Senate debates

Monday, 1 September 2025

Motions

Australia: Racism

1:22 pm

Photo of Bridget McKenzieBridget McKenzie (Victoria, National Party, Shadow Minister for Infrastructure, Transport and Regional Development) Share this | Hansard source

For everyone following along at home and listening to the rhetoric, particularly from the Greens, let me read the coalition's amendment, put it on the record, as you might not have it in front of you:

Omit all words after "That the Senate", substitute:

"(a) reaffirms Australia's commitment to free speech and lawful assembly, and condemns all forms of extremism, intimidation, and violence, regardless of the cause;

(b) condemns the recent disruption of public rallies by Neo-Nazis, pro-Iranian Government extremists and those supporting terrorist organisations; and

(c) condemns the public display of symbols, slogans, or imagery that glorify or support proscribed terrorist organisations and urges the strict enforcement of existing laws against the glorification of terrorism and incitement to violence".

I am astounded that this is somehow a cause for debate, and I'm appalled that the party of government in this place finds itself unable to support an amendment as balanced as the one that we've put forward as a mature response to Senator Faruqi's motion.

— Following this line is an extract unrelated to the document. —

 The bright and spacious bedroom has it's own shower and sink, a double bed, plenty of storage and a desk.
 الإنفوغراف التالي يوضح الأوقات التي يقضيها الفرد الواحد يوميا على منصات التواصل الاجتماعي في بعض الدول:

The reality is that the one thing that unites new Australians and old Australians is a love of our country. Being a patriot isn't being a racist. We, on this side of the chamber, actually support the right to peaceful protest. We back our police, who put themselves in harm's way to keep order. Fringe extremists who tried to hijack the weekend's rallies deserve zero endorsement from anyone in this place. Their ideology is the opposite of Australian values. But let's be very clear. The vast majority of people at those rallies and the hundreds of thousands, if not millions, of Australians who support them but didn't go were expressing mainstream concerns about unchecked population growth, housing and social cohesion—concerns that we actually must hear, not attempt to smear, which is what is happening today. Senior ministers condemned the rallies and highlighted only extremist links. Senator Watt said they spread hate and were linked to Neo-Nazis. We reject both the hate and the tactic of tarring the many with the actions of a few. Old and new Australians alike want a safe, cohesive, confident nation. That's the Australia we speak for.

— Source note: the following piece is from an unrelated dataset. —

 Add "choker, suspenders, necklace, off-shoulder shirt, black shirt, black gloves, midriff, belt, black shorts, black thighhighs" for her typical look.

Last week, the Greens promoted a bill to entrench the national right to protest. This week, they want us to censor people who protest. Senator Faruqi herself has participated in marches with supporters of terrorist groups, sharing the platform with Hamas supporters and sympathisers, Iranian militants and antisemites. So spare us your sanctimony, your hypocrisy and your self-righteousness. You're happy to march alongside pictures of the Ayatollah Khomeini, who actually ordered a now proscribed terrorist organisation to bomb a synagogue in our country. But that's okay—we're really only worried about the Neo-Nazis! We should be worried about it all. Jew-hating, gay-hating and women-hating protesters on the other side need to be called out as well. It's ridiculous to suggest that everyone marching on the weekend was a Neo-Nazi, just as it would be ridiculous for me to suggest that those who marched across the Sydney Harbour Bridge were all terrorists. They're equally ridiculous contentions. That's why the coalition's amendment to this motion is a sound, sensible, mature response to a problem that doesn't just exist in this chamber but has spilt over into the streets of capital cities right across our country.

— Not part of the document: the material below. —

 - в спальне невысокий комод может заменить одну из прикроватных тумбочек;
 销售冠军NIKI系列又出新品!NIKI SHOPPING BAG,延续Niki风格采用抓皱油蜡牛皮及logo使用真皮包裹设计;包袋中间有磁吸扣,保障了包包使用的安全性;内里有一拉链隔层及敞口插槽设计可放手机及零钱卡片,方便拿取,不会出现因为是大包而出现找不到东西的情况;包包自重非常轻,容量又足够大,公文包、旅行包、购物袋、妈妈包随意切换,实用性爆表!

I'm not a globalist—like the Greens and many now in Labor are—who imagines a world without borders. A sovereign nation sets its intake of immigration in the national interest and with community consent. The Lowy Institute's poll suggests that 53 per cent of Australians say our immigration settings are too high and are having negative social, economic and, I would suggest, environmental impacts in our community. I'm prepared to have an open and honest conversation about that. I just wish the government was too.